I wonder then of this ties into my other post re: whether we should be making use of more pre-analysis simulation for the particular question at hand. At least then people have to clarify their view of how the data came to be in order to look at how their preferred method performs?
Great point. I think that simulation that is more tailored to the problem at hand (with regard to number of potential confounders, sample size, outcome variable distribution, exposure distribution) would be extremely valuable.
It’s nice to hear the (modest Canadian ;)) CNODES shout-out! I’m glad to hear that our lectures are of use.
As to the propensity score, and as a semi-regular user and teacher of PS methods:
I agree that they’re somewhat oversold and overused. They’ve become the norm in some fields, and sometimes assigned almost magical properties w.r.t. confounding control.

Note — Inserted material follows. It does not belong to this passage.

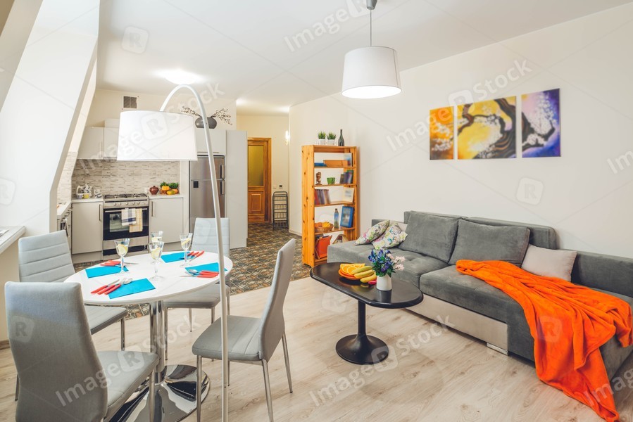 Spacious studio apartment with furniture. Living room. Kitchen. Light interior.

They are sometimes useful, especially in the case of rare outcomes and common exposures, but also in the case Tim outlines where we may be better off from a content perspective modelling the exposure.
To me, an important (the most important?) feature of the PS is as a diagnostic tool about the space of support in your data and about heterogeneity of effect. The paper by Kurth et al that I referred to on Twitter yesterday is a good example of this.
Finally, I echo the call for more, and more realistic simulation studies. The plasmode simulations cited here are a great idea, and a good way to generate realistic plausible data.